Sudden deterioration of model

pointlessone · May 11, 2024, 8:02pm

I’m new to ML and PyTorch in particular so might’ve missed something but please help me understand what’s happening.

I have a simple model. It learns pretty well and pretty quickly reaches 100% accuracy but in the span of just two epochs it completely deteriorates. Loss shoots way up and accuracy becomes 0%. I’ve seen spikiness in my previous attempts and elsewhere on the internet. I’ve also seen a few question about this on StackOverflow and here on this forum but I haven’t seen an explanation of the phenomenon, at least not a one I can understand yet.

I have a Sequential model. I use SoftMarginLoss (I also tried MSELoss with about the same result) for loss function and Adam for optimiser. I have about 65k data points in total. I randomly select a quarter of the dataset for training in each epoch and 1000 points for testing.

This is a plot of Loss and Accuracy. As you can see, on epoch 41 accuracy tanks to 0 and loss shoots up to 0.8, higher even than the first epoch. It recovers to 0.69 but stays there for a long time. Can someone please explain what’s going on here?

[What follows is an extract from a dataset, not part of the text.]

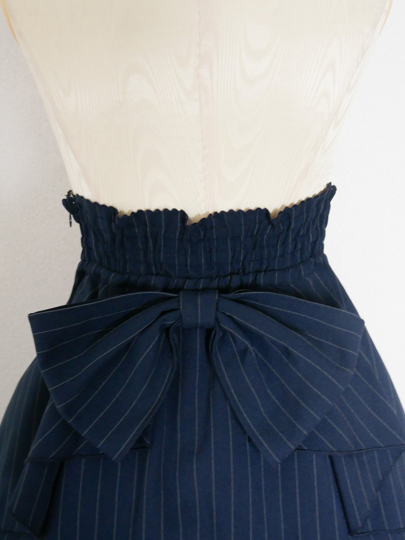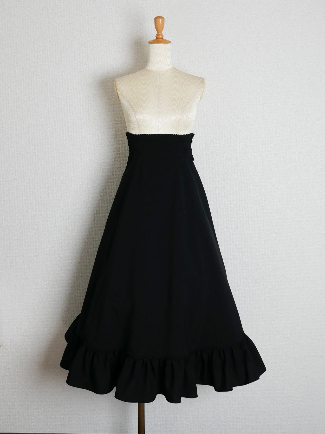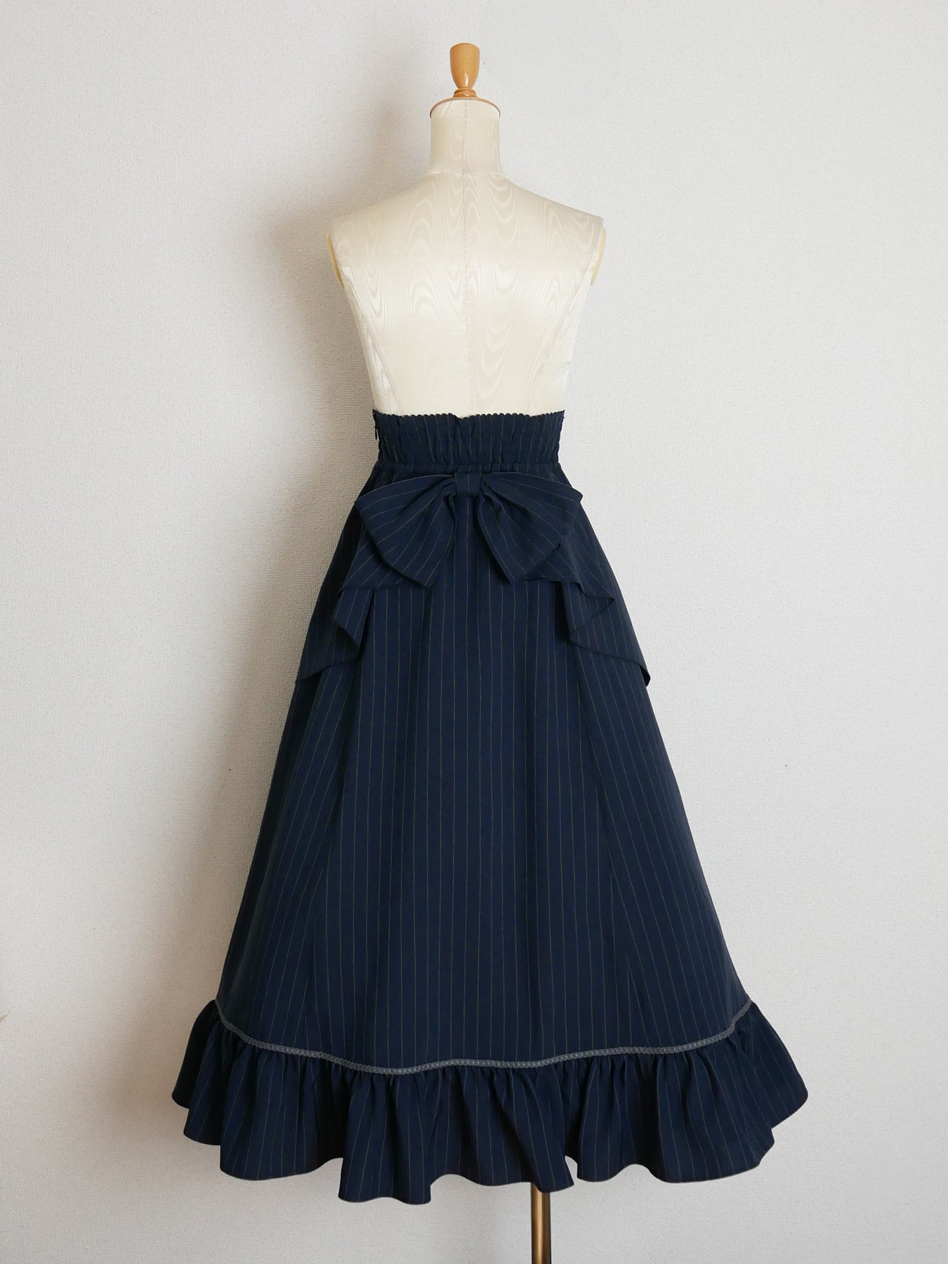 バックスタイルの大きなリボンとラッフルフリルがポイントの、縦のラインが強調された美しいウエストラインを惹き立てるロングスカート。

ptrblck · May 12, 2024, 4:20pm

An accuracy of 0 is not expected even if the model diverges as it would be worse than a random predictor. I don’t know what kind of use case you are working on but e.g. in a binary classification use case you could just invert the predictions to achieve an accuracy of 100, so you should check what the random accuracy would be and why your model gets worse than that.

pointlessone · May 12, 2024, 8:14pm

The model is supposed to predict a series of binary outputs. An accuracy of 0% means that at least one of the outputs is not close enough to expectation. It doesn’t mean that all outputs are the opposite but it’s an intriguing idea and I will check if that’s actually the case. I’m probably not using “accuracy” in the industry-standard way so might be a bit confused about that.

I wonder though about the loss. Isn’t optimizer supposed to press it towards 0? Why does loss jump so high and can’t get back down?